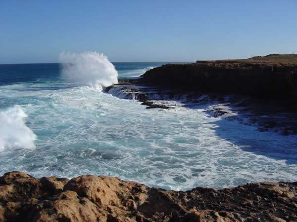Carnarvon Blowholes to Red BluffThe coastline is awesome with waves pounding into and over the rocks. The scenic drive takes you to a number of lookouts and fishing spots. How you keep a line in the water here I don't know! There are a number of memorials to lost fishermen along this stretch of coast. Previous | Album | Next |
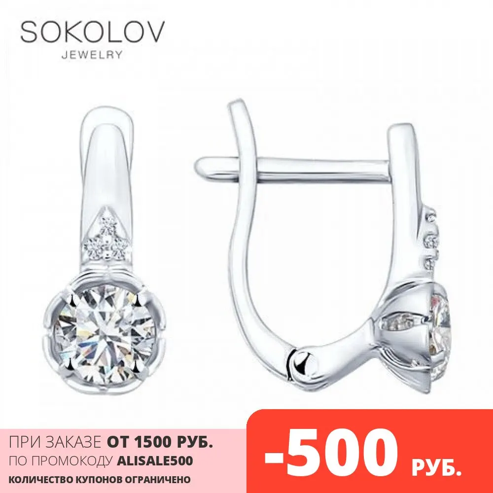 Серьги SOKOLOV из серебра с фианитами, Серебро, 925, Женские, Серьги 2022 тренд, Оригинальная продукция
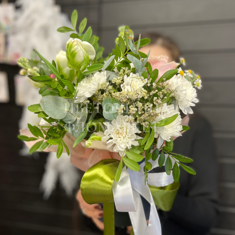 Букет «Свежесть и элегантность» Нежный букет, состоящий из белых хризантем, льна и эвкалипта, дополненный воздушной гипсофилой. Завершает композицию изящная лента оливкового цвета, придавая букету стильный и завершённый вид. Этот букет идеально подходит для любого торжества, наполняя его свежестью и элегантностью. " " , , . - , . , .
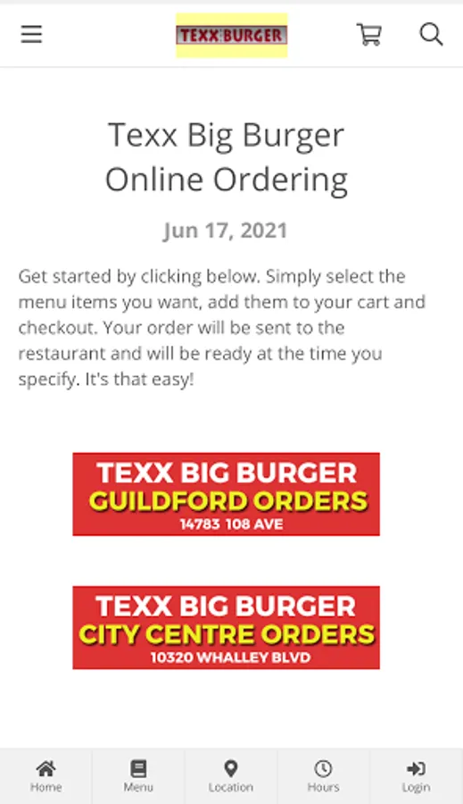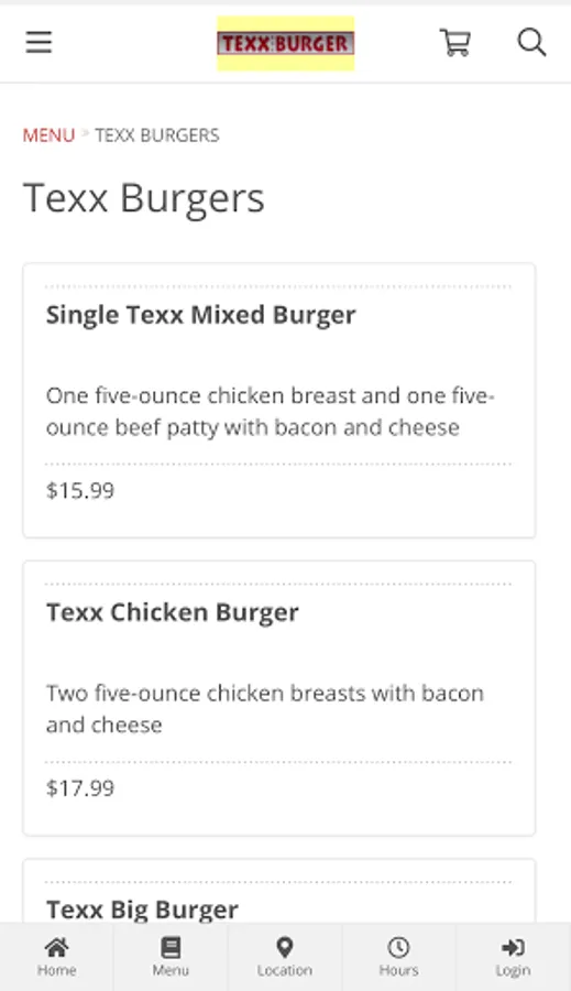 Online ordering for Texx Big Burger in Surrey, BC Canada
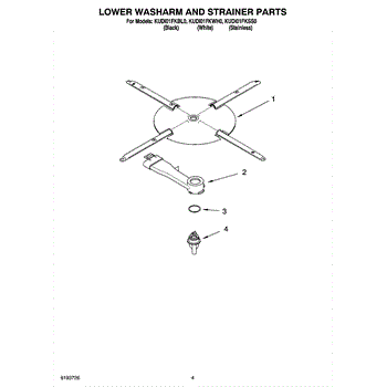 Parts for Kitchenaid KUDI01FKWH0: 04 - Lower Washarm And Strainer Parts
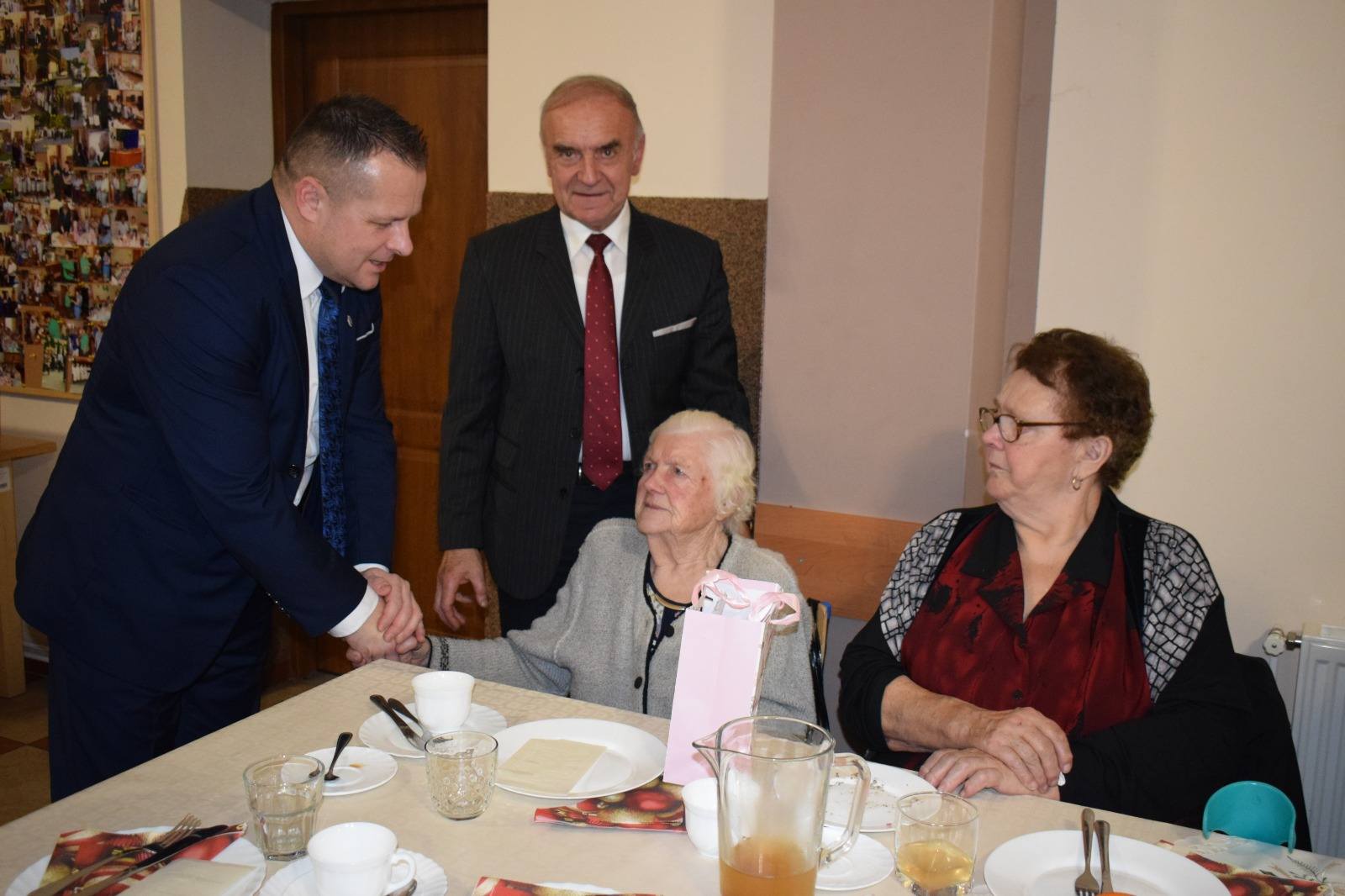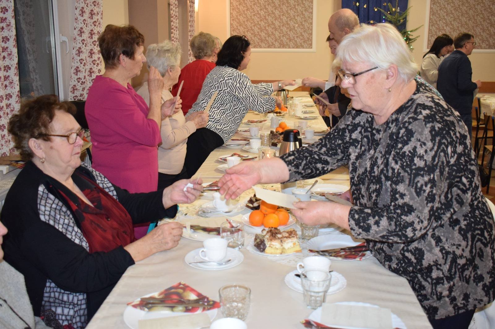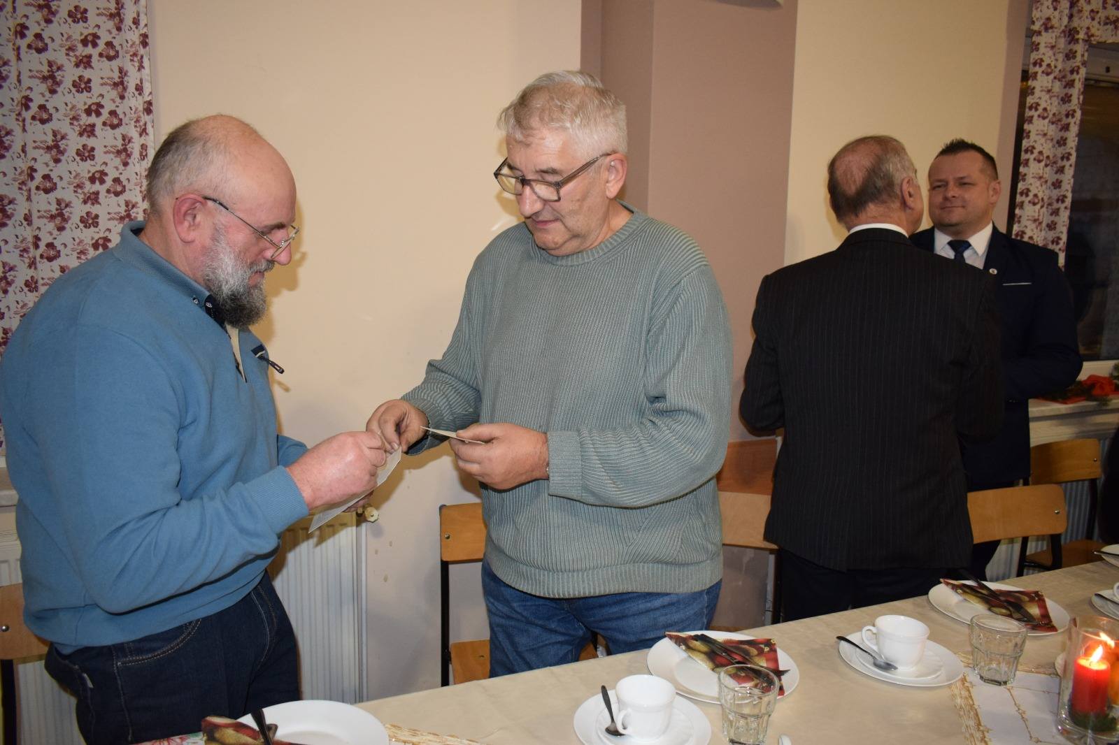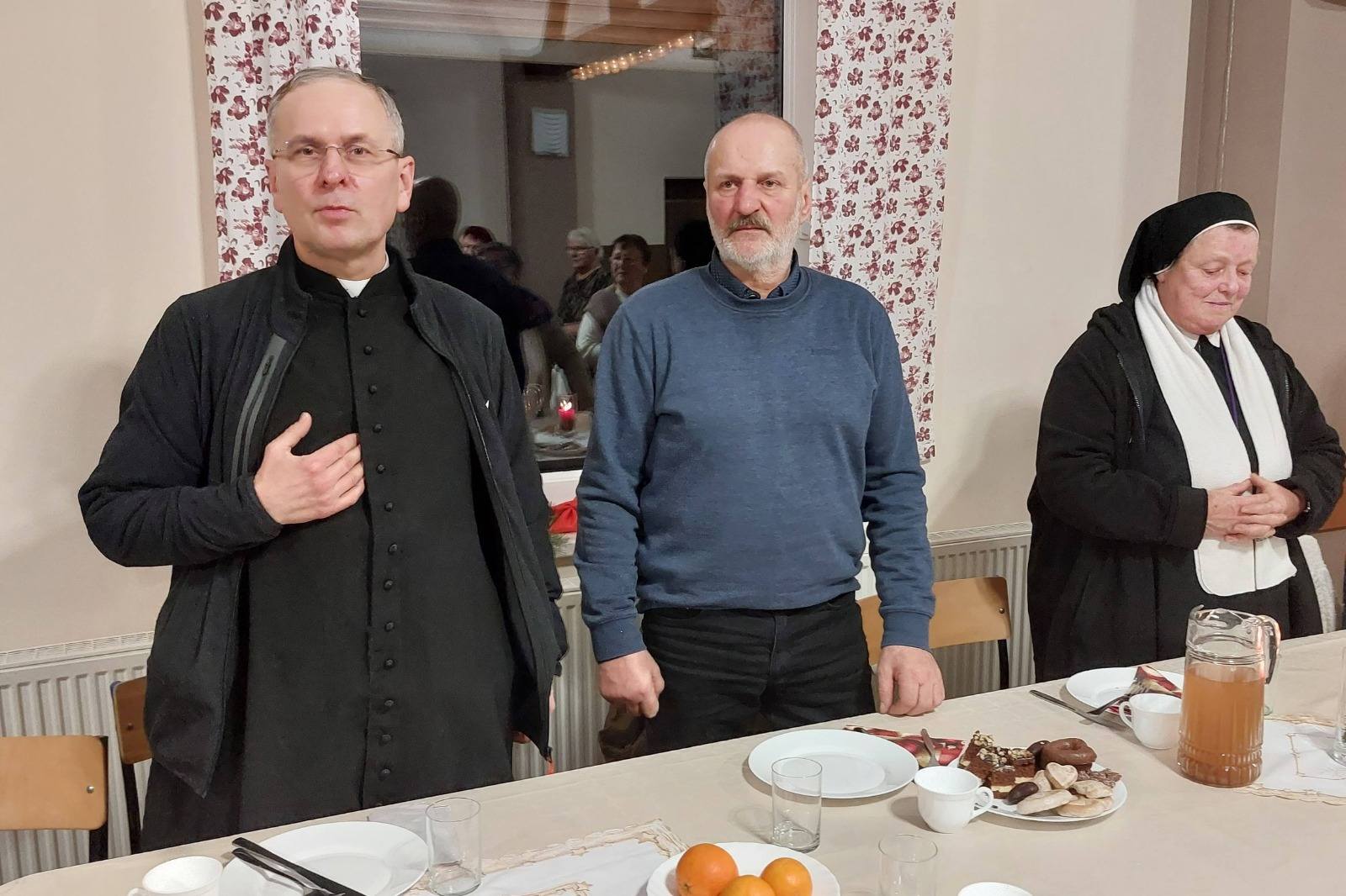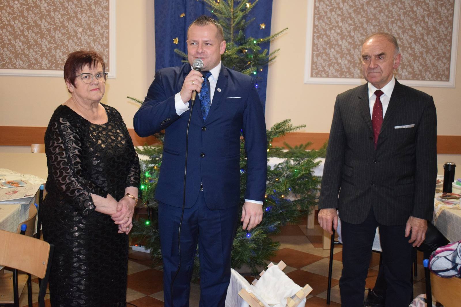 Uczestniczyli w nim również zaproszeni goście: Marcin Widera - Zastępca Burmistrza Ozimka, radny powiatowy Antoni Gryc oraz proboszcz parafii w Dylakach ks. Janusz Konofalski, którzy złożyli wszystkim świąteczno-noworoczne życzenia. Zastępca Burmistrza przekazał w prezencie kalendarze ścienne Gminy Ozimek na 2026 rok, wraz z serdecznymi życzeniami od Burmistrza Ozimka Mirosława Wieszołka, a po odczytaniu Ewangelii oraz modlitwie odmówionej przez księdza proboszcza, wszyscy zasiedli do wigilijnej wieczerzy złożonej z tradycyjnych potraw: czerwonego barszczu, ziemniaków, smażonej ryby, kapusty i kompotu.

● ● ● ● ● ● ●

◆ What is required ◆
Return the complete data unchanged and include none of the pictures.

◆ Your solution ◆
Carnarvon Blowholes to Red BluffThe coastline is awesome with waves pounding into and over the rocks. The scenic drive takes you to a number of lookouts and fishing spots. How you keep a line in the water here I don't know! There are a number of memorials to lost fishermen along this stretch of coast. Previous | Album | Next |
 Серьги SOKOLOV из серебра с фианитами, Серебро, 925, Женские, Серьги 2022 тренд, Оригинальная продукция
 Букет «Свежесть и элегантность» Нежный букет, состоящий из белых хризантем, льна и эвкалипта, дополненный воздушной гипсофилой. Завершает композицию изящная лента оливкового цвета, придавая букету стильный и завершённый вид. Этот букет идеально подходит для любого торжества, наполняя его свежестью и элегантностью. " " , , . - , . , .
 Online ordering for Texx Big Burger in Surrey, BC Canada
 Parts for Kitchenaid KUDI01FKWH0: 04 - Lower Washarm And Strainer Parts
 Uczestniczyli w nim również zaproszeni goście: Marcin Widera - Zastępca Burmistrza Ozimka, radny powiatowy Antoni Gryc oraz proboszcz parafii w Dylakach ks. Janusz Konofalski, którzy złożyli wszystkim świąteczno-noworoczne życzenia. Zastępca Burmistrza przekazał w prezencie kalendarze ścienne Gminy Ozimek na 2026 rok, wraz z serdecznymi życzeniami od Burmistrza Ozimka Mirosława Wieszołka, a po odczytaniu Ewangelii oraz modlitwie odmówionej przez księdza proboszcza, wszyscy zasiedli do wigilijnej wieczerzy złożonej z tradycyjnych potraw: czerwonego barszczu, ziemniaków, smażonej ryby, kapusty i kompotu.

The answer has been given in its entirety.